Jerzy Makarczyk filed an application to register the mark CHANEL in connection with real estate development and commercial, residential, and hotel property construction services. Makarczyk has named luxury rental properties after brands such as Hermes, Dior, Givenchy, and Versace.
Chanel, Inc. is the owner of the internationally recognized luxury brand CHANEL. In the United States, the mark has been used on products such as clothing, soap, perfume, watches, and handbags since the early 1930s. Chanel has not used or registered the mark in connection with real estate services.
Chanel opposed Makarczyk’s application on the grounds of likelihood of dilution by blurring, likelihood of confusion, and false suggestion of connection. The TTAB found that the applicant’s proposed use of CHANEL would likely cause dilution by blurring of Chanel’s CHANEL trademark. The Board did not address Chanel’s other claims.
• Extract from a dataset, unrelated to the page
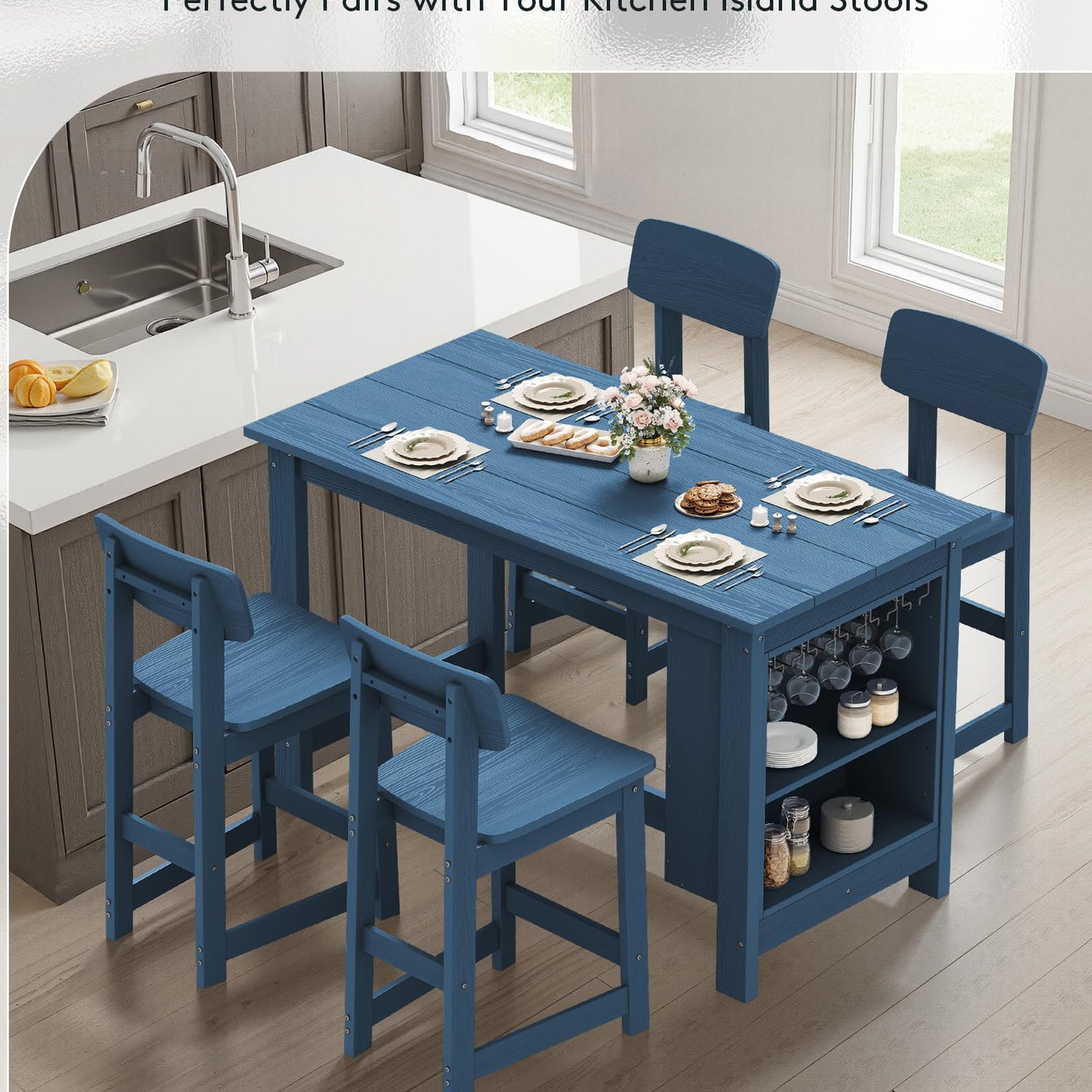 - Functional Storage: Two tiers of side shelves neatly organize beverages, condiments, and party supplies. The inverted wine glass rack on top saves space while allowing glasses to dry quickly. Whether used as a dining table, island extension, or coffee bar, it offers versatile convenience.

To prevail on its dilution claim, Chanel had to prove that its mark is famous and distinctive. A famous mark is one that is a “household name,” i.e., when the general public sees the mark, it associates the term initially with the famous mark’s owner. A mark is distinctive when the public associates the term with the famous owner of the mark even when the term appears on goods and services not produced by the owner.
The Board found that CHANEL is a famous mark based on Chanel’s evidence of its commercial success, extremely high sales of its goods, substantial advertising expenditures, social media campaigns, celebrity endorsements, survey evidence and rankings listing it as one of the most recognized designer brands. Even though CHANEL is not inherently distinctive (it derives from founder Coco Chanel’s name), the Board found that the evidence submitted by Chanel established the mark has acquired distinctiveness.
Chanel was also required to show that Makarczyk’s use of the mark was likely to dilute the distinctiveness of Chanel’s mark. The Board found a likelihood of dilution based on several factors: the identical nature of the marks, the high degree of distinctiveness and fame of CHANEL among consumers, Chanel’s substantially exclusive use of CHANEL and high expenditure of resources to protect the mark, and Makarczyk’s intent to create an association with the mark owned by Chanel as evidenced by certain statements on his website.
Finally, Chanel proved potential impairment of the distinctiveness of its mark. Chanel argued that use of CHANEL by Makarczyk in connection with luxury real estate services would devalue Chanel’s brand. Although, Chanel has no current involvement in the real estate or hotel industry, other luxury brands have expanded into industries such as hotels, interior design services and bathroom fixtures. The Board found this was sufficient to show that Chanel would be likely to suffer impairment if Makarczyk used the term in connection with real estate services.
Chanel, Inc. v. Jerzy Makarczyk, Opposition No. 91208352 (TTAB May 27, 2014) [precedential].